Monday, 4 August 2014

Transvestites in the trenches with ball gowns in their backpacks



Esteemed author Philip Hoare, writing in today's Guardian, has uncovered some of the sleaze of Soho during the First World War, a time when decadence still prevailed despite the horrors of the slaughter:
...At the most infamous club, the Cave of the Golden Calf in Heddon Street (a back street that would later feature on David Bowie’s Ziggy Stardust cover), futurist poets in goatee beards recited avant garde verse, and guests were greeted by a phallic sculpture designed by Eric Gill, to which they bowed in mock idolatry. When Wilfred Owen was on leave in London, he noted that the upper floor of the Piccadilly café in which he sipped tea contained an opium den.

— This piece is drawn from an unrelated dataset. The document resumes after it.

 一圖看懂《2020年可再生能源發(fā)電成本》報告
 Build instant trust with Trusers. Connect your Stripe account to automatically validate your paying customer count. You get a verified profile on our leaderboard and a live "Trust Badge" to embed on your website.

Nearby, in Half Moon Street, Robbie Ross, Oscar Wilde’s first lover and his literary executor, painted his rooms gold in protest at the war. In the wake of Wilde’s conviction for gross indecency, the war itself presented a new challenge for gay men; Ronald Firbank called it “that awful persecution”. But as the first modern, industrial conflict overturned class and gender barriers, it also opened up the possibility for new sexual identities – even in the mud and mire of the western front.

By advertising in the international press after the war, asking people to send him accounts of their sexual experiences during the conflict, renowned German sexologist, Magnus Hirschfeld (who features in Christopher Isherwood’s Berlin writing) discovered there were transvestites in the trenches with ball gowns in their backpacks. In the archives of the Imperial War Museum, I discovered other personal diaries that detailed same sex behaviour between serving soldiers. Hirschfeld also found accounts of drug clubs, and nudist clubs in London, Paris and Berlin. Even in suburban Clapham, a teenage Noel Coward and Esmee Wynne, his companion/muse, wore “futurist pyjamas”, and swapped clothes to run riot, in drag, in the West End.
How camp!

A whole new perspective on what is nostalgically perceived as a grim, stolidly patriotic and puritanical era, methinks.